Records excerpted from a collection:
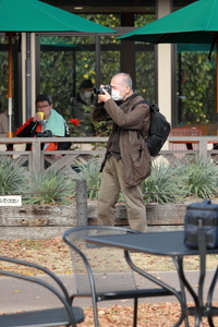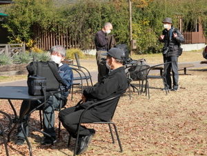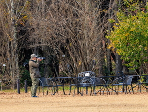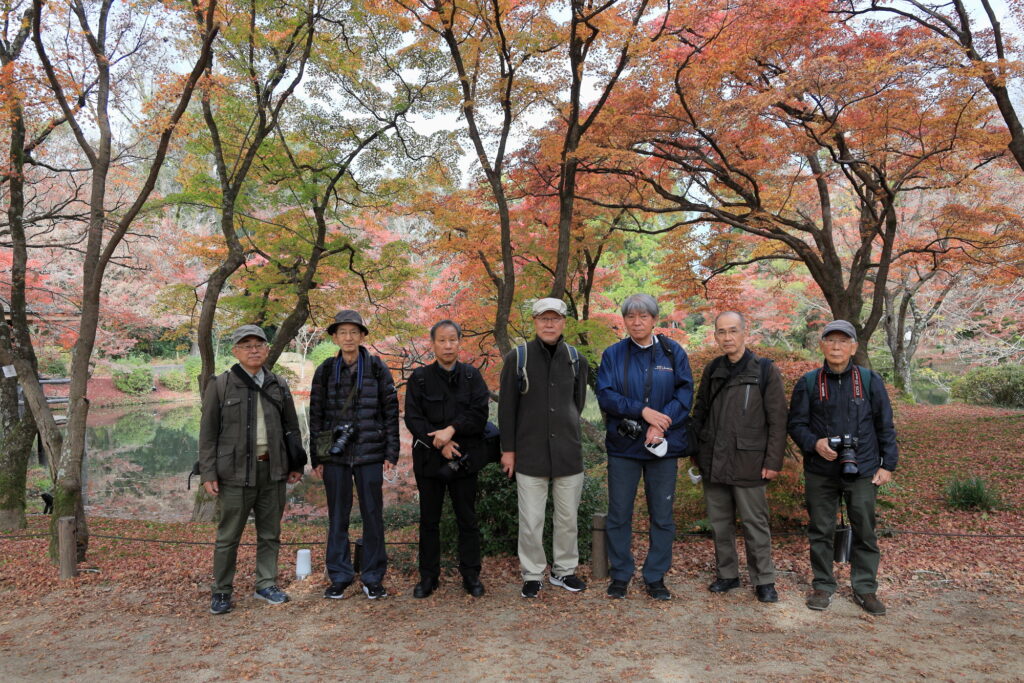 ここ関西の紅葉もいよいよ佳境を迎えた11月30日、今月度の撮影会は久しぶりの京都府立植物園です。午前10時に北山門に集合、参加者は7名です。ここは京都地下鉄北山駅を上がってすぐで交通至便のうえ、70歳以上は入場料無料というありがたい特典を部員の多くは享受していました。早速まず、もみじのきれいな「なからぎの森」の池の周辺に行って恒例の記念撮影を行います。記念撮影ということでマスクも外しています。その後池の周りのきれいな紅葉を撮影です。今日は午前中は曇り空でしたが風もなく水面にもみじの映り込みがきれいでした。その後みんな自由に撮影を続けましたが、やや早い昼食ということで三々五々園内の真ん中付近にある「森のカフェ」で取りました。だんだん天気も良くなって最初は寒いと思っていたのに暑いくらいの気温になり、食後しばらくその前の芝生を敷き詰めた憩いの広場「大芝生地」でのんびりと休憩していました。
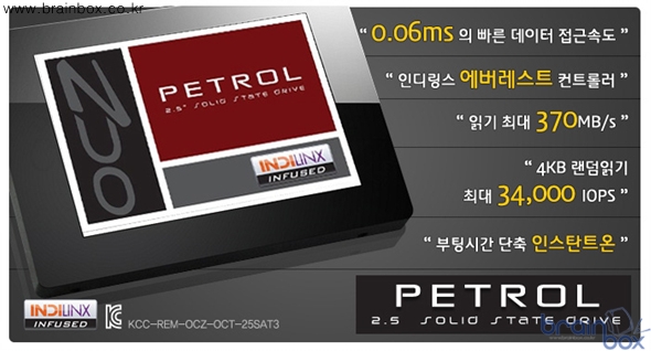 이번에 출시되는 PETROL은 SATA3 (6.0Gbps)인터페이스를 사용하여 최대 370MB/s (60GB : 185MB/s)의 읽기속도와 0.06ms의 데이터 접근 속도를 자랑한다. 최근에 출시된 SATA3 인터페이스 방식의 SSD에 비해 성능이 다소 낮지만, 하드디스크에 비해 월등한 속도 향상을 제공하므로 시스템을 업그레이드하기에 충분한 성능과 가격이 저렴한 것이 특징. SATA2와 SATA3의 체감 성능차이가 작다는 것을 감안할 때 충분히 경쟁력 있는 제품이 될 것이라고 관계자는 전했다.
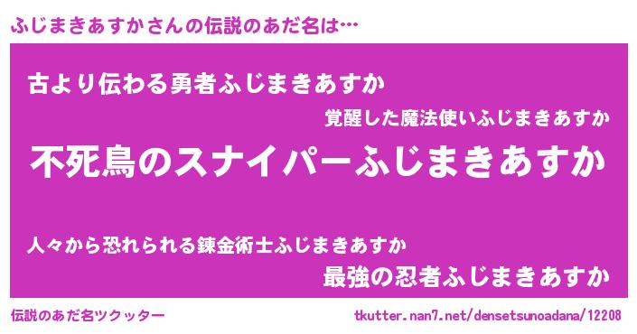 | 胡散臭い通販商品みたいなあだ名 | 『モテモテ間違いなし霊験あらたかなお札…その名も「ふじまきあすか」』 |
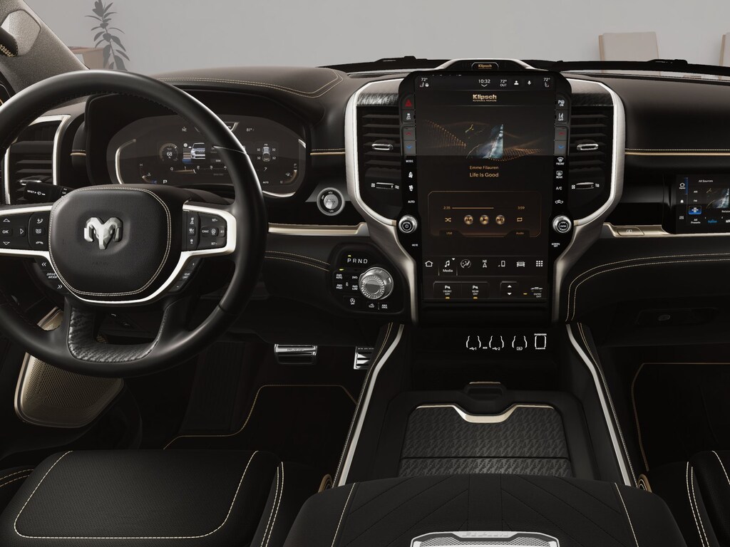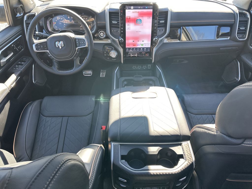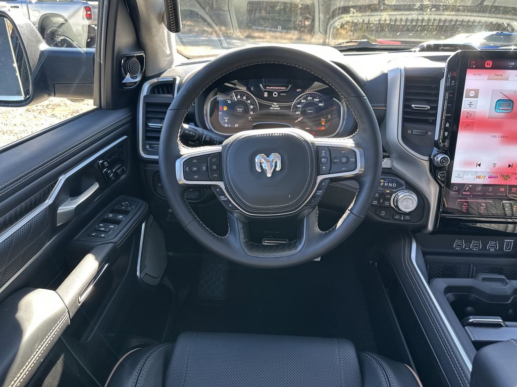 Apple CarPlay: Seamless smartphone integration for this model - stay connected and entertained on the go! Start this Ram 1500 from inside with remote start. This unit features a hands-free Bluetooth phone system. This vehicle offers Android Auto for seamless smartphone integration. This model has auto-adjust speed for safe following. The leather seats in this unit are a must for buyers looking for comfort, durability, and style. You'll never again be lost in a crowded city or a country region with the navigation system on this model. Protect this 2026 Ram 1500 from unwanted accidents with a cutting edge backup camera system. Keep your hands warm all winter with a heated steering wheel in it . This 1/2 ton pickup has four wheel drive capabilities. This 1/2 ton pickup has a 6 Cyl, 3.0L high output engine. It is painted with a sleek and sophisticated black color. The vehicle features cruise control for long trips.
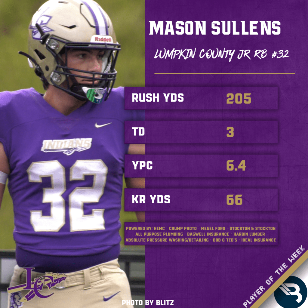 Junior Mason Sullens has been deserving of this honor all season long. He finally gets POW honors after an elite performance at #9 Gilmer, in which the power back tallied 205 rushing yards and 3 TD for the Indians in their statement win. He averaged 6.4 yards per tote, and added 66 kick return yards for a ridiculous 271 total yards.
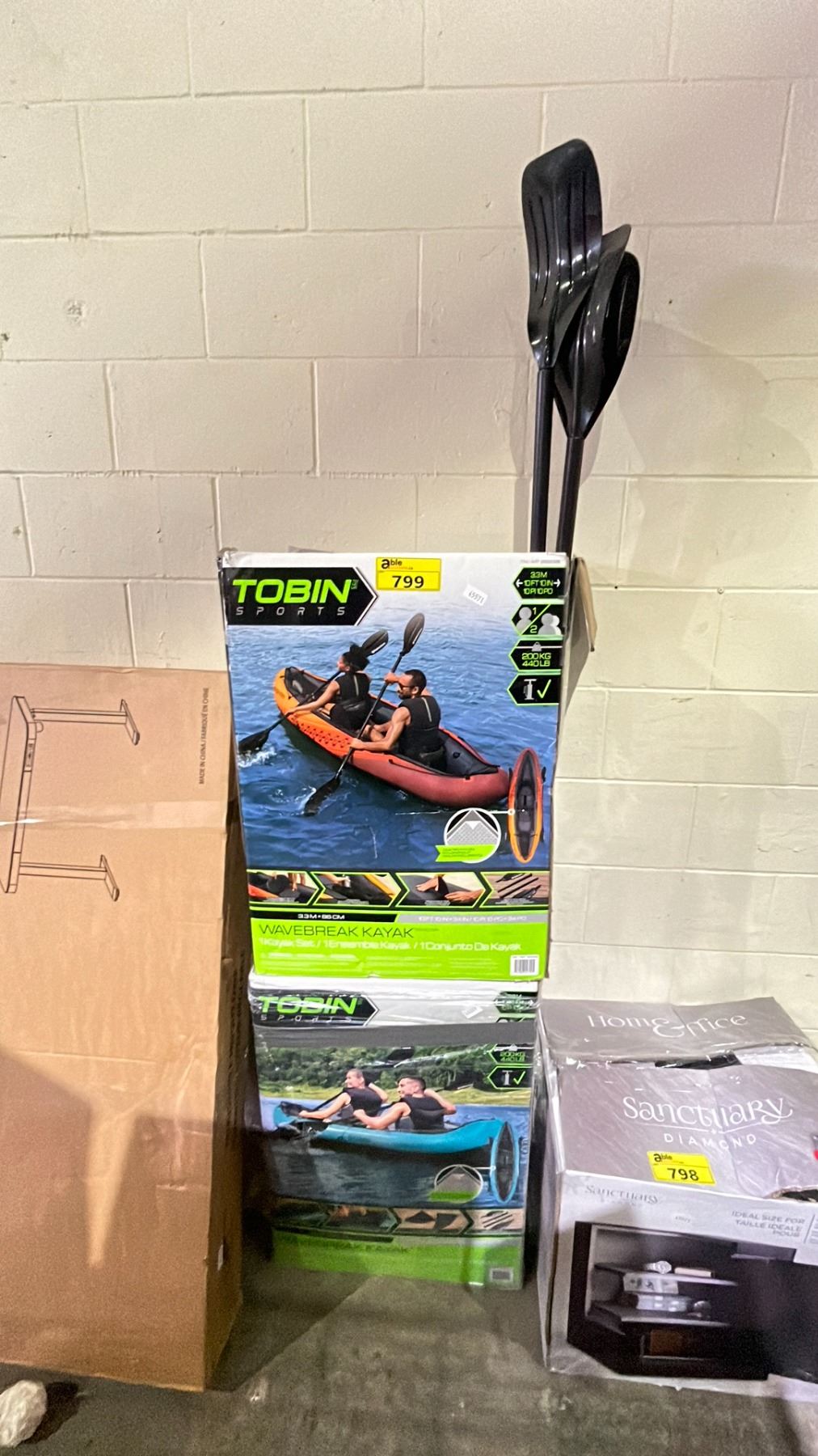 TOBIN SPORTS WAVEBREAK KAYAK & BOX OF TOBIN SPORTS PARTS (UNKNOWN WORKING CONDITION, MAY BE MISSING PIECES)
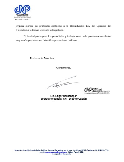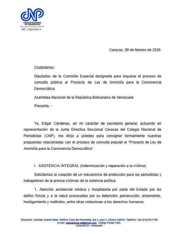 La seccional Caracas del Colegio Nacional de Periodistas (CNP) consignó ante la Asamblea Nacional una serie de propuestas técnicas para fortalecer el proyecto de Ley de Amnistía. El gremio solicita que la normativa no solo se limite a la liberación de los comunicadores, sino que contemple una reparación integral y la indemnización por los daños derivados de la persecución política contra la prensa.

### ABOUT THIS TASK
Restate every line of the data above word for word, with the images removed.

### RESPONSE TO THE TASK
 ここ関西の紅葉もいよいよ佳境を迎えた11月30日、今月度の撮影会は久しぶりの京都府立植物園です。午前10時に北山門に集合、参加者は7名です。ここは京都地下鉄北山駅を上がってすぐで交通至便のうえ、70歳以上は入場料無料というありがたい特典を部員の多くは享受していました。早速まず、もみじのきれいな「なからぎの森」の池の周辺に行って恒例の記念撮影を行います。記念撮影ということでマスクも外しています。その後池の周りのきれいな紅葉を撮影です。今日は午前中は曇り空でしたが風もなく水面にもみじの映り込みがきれいでした。その後みんな自由に撮影を続けましたが、やや早い昼食ということで三々五々園内の真ん中付近にある「森のカフェ」で取りました。だんだん天気も良くなって最初は寒いと思っていたのに暑いくらいの気温になり、食後しばらくその前の芝生を敷き詰めた憩いの広場「大芝生地」でのんびりと休憩していました。
 이번에 출시되는 PETROL은 SATA3 (6.0Gbps)인터페이스를 사용하여 최대 370MB/s (60GB : 185MB/s)의 읽기속도와 0.06ms의 데이터 접근 속도를 자랑한다. 최근에 출시된 SATA3 인터페이스 방식의 SSD에 비해 성능이 다소 낮지만, 하드디스크에 비해 월등한 속도 향상을 제공하므로 시스템을 업그레이드하기에 충분한 성능과 가격이 저렴한 것이 특징. SATA2와 SATA3의 체감 성능차이가 작다는 것을 감안할 때 충분히 경쟁력 있는 제품이 될 것이라고 관계자는 전했다.
 | 胡散臭い通販商品みたいなあだ名 | 『モテモテ間違いなし霊験あらたかなお札…その名も「ふじまきあすか」』 |
 Apple CarPlay: Seamless smartphone integration for this model - stay connected and entertained on the go! Start this Ram 1500 from inside with remote start. This unit features a hands-free Bluetooth phone system. This vehicle offers Android Auto for seamless smartphone integration. This model has auto-adjust speed for safe following. The leather seats in this unit are a must for buyers looking for comfort, durability, and style. You'll never again be lost in a crowded city or a country region with the navigation system on this model. Protect this 2026 Ram 1500 from unwanted accidents with a cutting edge backup camera system. Keep your hands warm all winter with a heated steering wheel in it . This 1/2 ton pickup has four wheel drive capabilities. This 1/2 ton pickup has a 6 Cyl, 3.0L high output engine. It is painted with a sleek and sophisticated black color. The vehicle features cruise control for long trips.
 Junior Mason Sullens has been deserving of this honor all season long. He finally gets POW honors after an elite performance at #9 Gilmer, in which the power back tallied 205 rushing yards and 3 TD for the Indians in their statement win. He averaged 6.4 yards per tote, and added 66 kick return yards for a ridiculous 271 total yards.
 TOBIN SPORTS WAVEBREAK KAYAK & BOX OF TOBIN SPORTS PARTS (UNKNOWN WORKING CONDITION, MAY BE MISSING PIECES)
 La seccional Caracas del Colegio Nacional de Periodistas (CNP) consignó ante la Asamblea Nacional una serie de propuestas técnicas para fortalecer el proyecto de Ley de Amnistía. El gremio solicita que la normativa no solo se limite a la liberación de los comunicadores, sino que contemple una reparación integral y la indemnización por los daños derivados de la persecución política contra la prensa.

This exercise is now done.